Data items
----

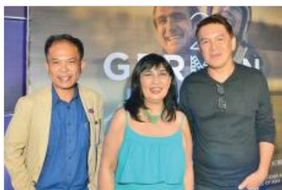
( http://www.sunstar.com.ph/sites )

A CAREFULLY-SELECTED lineup of contemporary German Cinema, many of which are already receiving numerous awards in international film festivals, highlights the 2017 German Film at the SM Supermalls.
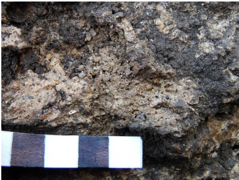
ILLUS S21 Mortar at face of crosswall exposed by excavation, partially obscured by soil. Scale 10mm.
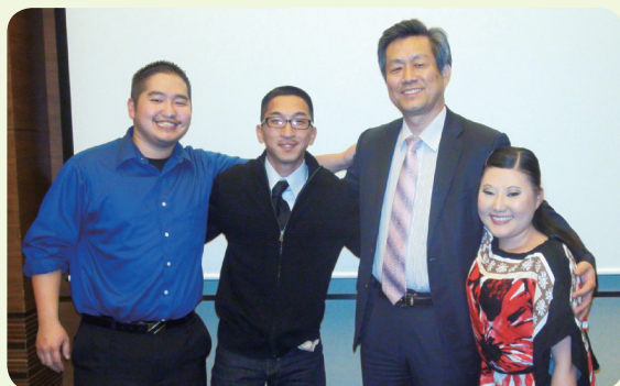
At the farewell banquet

In August of 2013, I received news that there would be a Korea motherland tour by Holt for adoptees with disabilities. Before this, Korea seemed like a far away land to me. A land I may never see and really didn't have a desire to see. My life was built in America. My family was in America, but this was an opportunity of a lifetime. A chance to say thank you to my birth parents for give me the opportunity to live.
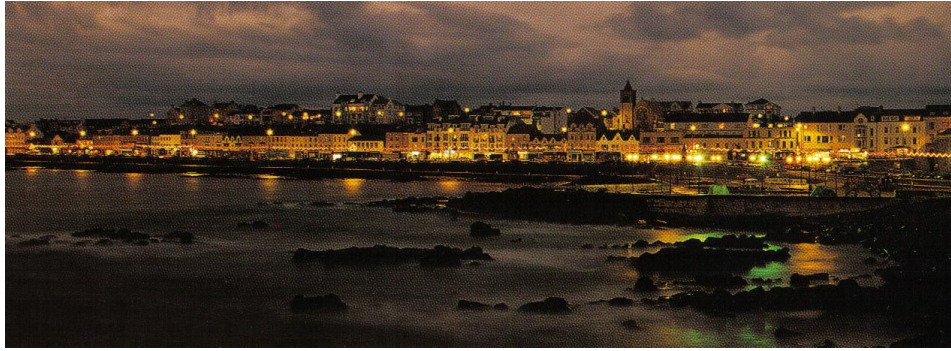
Town of Portrush, Northern, Ireland

Day 4 Play Royal Portrush GC , Dunluce Championship course. Home course of PGA and European Tour players Darren Clarke & Rory McElroy. On a clear day one can see Scotland from the 5 th hole. Portrush has great views of Atlantic Ocean and is former home to a British Open in 1951. England's Prince Andrew is a dedicated golfer and member of club.
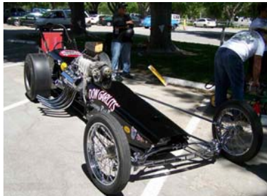
Don Garlits' Top A dragster!
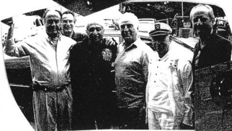
FUN FOR ALL AGES!
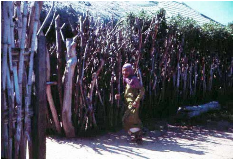
6. Phan Rang MED Call. 1966.
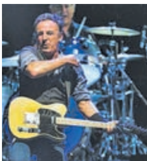
Bruce Springsteen performs with the E Street Band during a concert in East Rutherford, New Jersey, on 19 Sept, 2012.
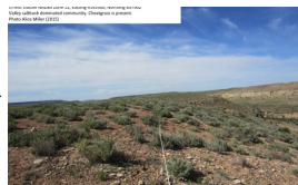
Valley saltbush /Indian ricegrass – James' galleta shrubland

This pathway occurs with wetter than normal, or a return to normal precipitation periods and time, that allow for recruitment and growth of valley saltbush and Indian ricegrass.
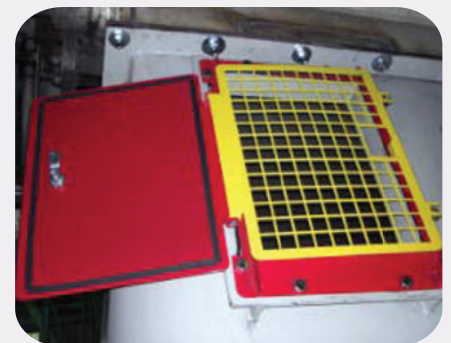
Door opened. Safety screen closed.
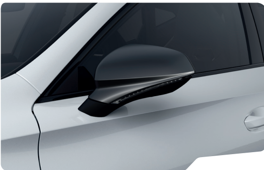
↓ NEVADA WHITE- 2Y2Y (Metallic)
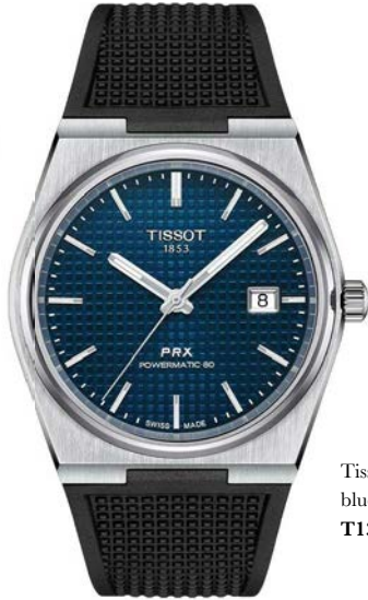
Tissot PRX Powermatic 80 blue dial black rubber strap T1374071704100 £640.00
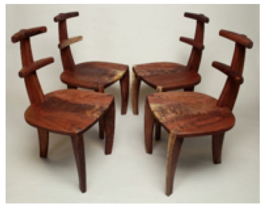
Robert "Andrew" Black Walnut Chairs, 2014 Walnut 36 x 22 x 22 inches Courtesy of the Artist

Offering an expansive lens for understanding material use and value, this exhibition reflects regional artists and designers applying their individual styles and personal interests to this oftendiscarded wood. Aligning with its contemporary crafts focus, RAM is the first museum to feature this annual event, which also showcases area talent. It is presented in conjunction with Wisconsin Urban Wood, a non-profit organization that is developing partnerships that allow urban wood to be recognized as a valuable resource.
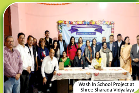
Wash In School Project at Shree Sharada Vidyalaya

"We meet every Friday at 7 PM at EITMA, Oswal Chambers, 5th Floor, 2 Church Lane, Kolkata - 700001".
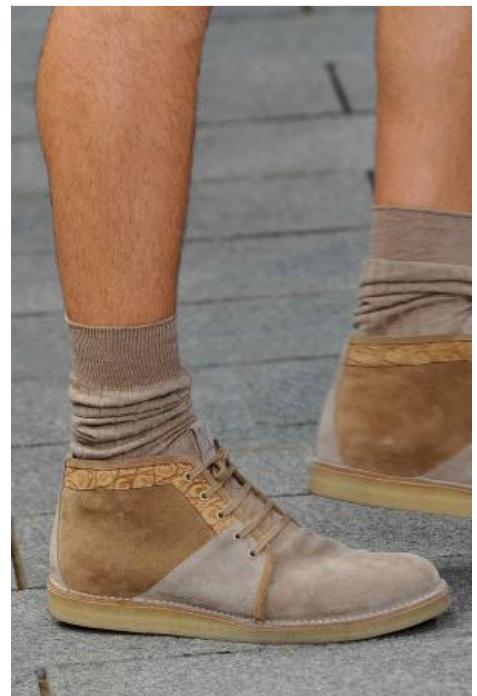
Louis Vuitton spring/summer 2012

Classic work boots are modernised with contrast laces and stitching in bright green and red against black. A two-tone sole updates the standard camel suede style.
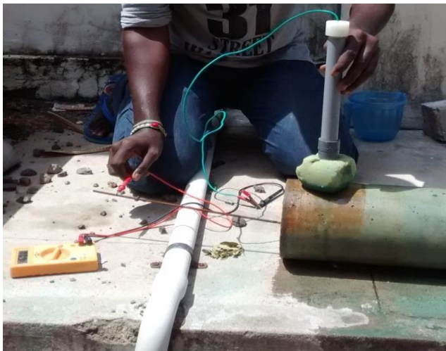
Fig.1 Half – Cell Potentiometer test

In the present study, the corrosion process was accelerated by impressing a constant DC voltage between the steel bar (as anode) and stainless steel plate (as cathode) and the variation of current with time was recorded. The cylinder specimen with a centrally embedded steel bar was partly immersed in a 4% NaCl solution in the beginning stage. After 3 weeks, 5% NaCl solution was prepared and the specimens were immersed. A potential of 12V (DC power supply) was applied across the specimens, the reinforcement steel bar being connected to the positive terminal and stainless steel sheet being connected to the negative terminal of the DC power supply.
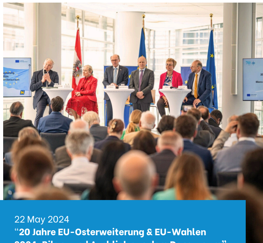
22 May 2024 “20 Jahre EU-Osterweiterung & EU-Wahlen 2024: Bilanz und Ausblick aus dem Donauraum”

----

→ **WORK TASK**
Return only the number of lines above in which the string "ricegrass" occurs.

→ **EXERCISE OUTPUT**
2